### Aim of the task
A word-for-word copy of the listing is what's needed; leave out every image.

### Supplied data
..........

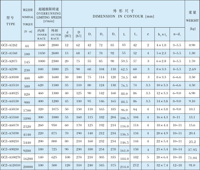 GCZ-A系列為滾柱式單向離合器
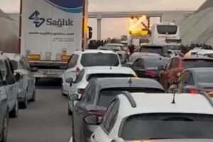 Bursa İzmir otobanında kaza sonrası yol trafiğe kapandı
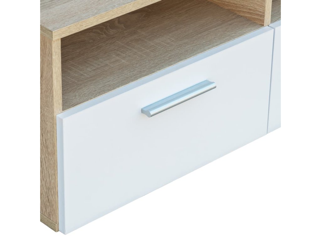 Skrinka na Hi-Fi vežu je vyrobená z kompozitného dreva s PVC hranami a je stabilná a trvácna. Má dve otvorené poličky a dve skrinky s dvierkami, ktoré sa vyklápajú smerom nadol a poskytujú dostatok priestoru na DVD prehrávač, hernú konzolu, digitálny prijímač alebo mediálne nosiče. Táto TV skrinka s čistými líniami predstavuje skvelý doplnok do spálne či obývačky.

..........

### The answer
 GCZ-A系列為滾柱式單向離合器
 Bursa İzmir otobanında kaza sonrası yol trafiğe kapandı
 Skrinka na Hi-Fi vežu je vyrobená z kompozitného dreva s PVC hranami a je stabilná a trvácna. Má dve otvorené poličky a dve skrinky s dvierkami, ktoré sa vyklápajú smerom nadol a poskytujú dostatok priestoru na DVD prehrávač, hernú konzolu, digitálny prijímač alebo mediálne nosiče. Táto TV skrinka s čistými líniami predstavuje skvelý doplnok do spálne či obývačky.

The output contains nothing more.